Beberapa menit kemudian Hani beserta bayinya sudah sampai di mansion, dengan dibantu beberapa maid, ia menggendong sang bayi dan membiarkan kereta bayi itu diletakkan maid nya, Hani memasuki mansion megah tersebut yang dulunya adalah milik Oh Sehun, bangunan tersebut masih tetap sama hanya saja Junmyeon mendekorasi ulang hingga sesuai keinginannya.
Bayi dalam gendongan Hani menggeliat, ia bergerak-gerak tak nyaman, Hani mengernyit sesaat kemudian mengerti bahwa ini waktunya ia mengganti popok sang anak "Tunggu sebentar ya sayang" Hani memasuki kamarnya dan merebahkan sang bayi di kasur, ia melepaskan celana bayi tersebut serta menyobek popok yang dikenakannya, ia bawa sang bayi itu ke kamar mandi dan setelah selesai, ia memasangkan popok yang baru.

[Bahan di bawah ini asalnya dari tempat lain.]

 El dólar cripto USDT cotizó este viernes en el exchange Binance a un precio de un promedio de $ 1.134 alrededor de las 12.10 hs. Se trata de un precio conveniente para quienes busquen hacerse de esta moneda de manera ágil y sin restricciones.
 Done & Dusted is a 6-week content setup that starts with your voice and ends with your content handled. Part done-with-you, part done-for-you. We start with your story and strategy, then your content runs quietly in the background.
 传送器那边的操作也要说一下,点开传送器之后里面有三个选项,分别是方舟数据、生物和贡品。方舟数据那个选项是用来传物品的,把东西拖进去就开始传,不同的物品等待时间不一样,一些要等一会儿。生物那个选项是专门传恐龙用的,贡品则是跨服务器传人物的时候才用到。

"Mimpi indah sayang" Hani mengecup dahi sang putri yang nampak tenang ketika tertidur, ia terperanjat ketika hendak menuju kamar mandi dan disana Junmyeon, suaminya tengah menatapnya nyalang
"Dari mana saja kau?" tatapan amarah itu selalu terpancar di wajah Junmyeon akhir-akhir ini, Hani mengerti bahwa urusan kantor menyebabkan suami nya tidak bisa mengendalikan emosi, dan ia tidak tahu jika Junmyeon akan pulang lebih cepat hari ini karena biasanya ia akan pulang ketika tengah malam.
"Aku hanya mengajak Jaemi keluar untuk jalan-jalan" ucap Hani, ia juga menatap Junmyeon dengan datar.

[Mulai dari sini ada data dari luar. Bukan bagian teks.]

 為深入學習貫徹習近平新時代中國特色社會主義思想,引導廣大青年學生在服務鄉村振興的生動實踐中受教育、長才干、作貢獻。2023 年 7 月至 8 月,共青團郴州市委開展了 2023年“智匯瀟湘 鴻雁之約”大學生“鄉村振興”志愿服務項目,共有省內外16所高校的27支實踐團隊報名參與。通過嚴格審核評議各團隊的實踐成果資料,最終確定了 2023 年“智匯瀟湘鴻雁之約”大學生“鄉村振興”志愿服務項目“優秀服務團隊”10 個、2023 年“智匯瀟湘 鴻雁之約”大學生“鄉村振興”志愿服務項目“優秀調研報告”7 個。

"Ohh..bukan untuk menjadi model di J&E Fashion?" selidik Junmyeon. Hani terdiam beberapa saat, matanya melirik ke bawah sibuk mencari alasan yang pas untuk ia katakan pada suaminya "Bukankah sudah berapa kali kubilang berhentilah dari dunia modeling, kau masih bersikeras ingin menjadi model setelah memiliki anak?" suara Junmyeon meninggi, wajahnya memerah dengan tangan terkepal, ia bisa saja menampar Hani saat ini juga melihat sang anak yang tengah tertidur pulas.
"Ya, itu karena kau terlalu sibuk hingga lupa mengisi rekening ku. Dan kau juga selalu pulang malam dengan kondisi mabuk, apa kau sering mengunjungi bar akhir-akhir ini?" selidik Hani balik, ia sudah merasakan ini sejak lama dan ia baru berani bertanya sekarang.
"Kau mencurigai ku sekarang?" Junmyeon mendelik tajam, "Katakan! Apa kau mulai berani padaku Huhh?" Hani memekik tertahan ketika Junmyeon menarik kasar rambutnya, ia mencoba melepaskan cengkraman tangan Junmyeon dari rambutnya namun gagal karena terlalu kuat.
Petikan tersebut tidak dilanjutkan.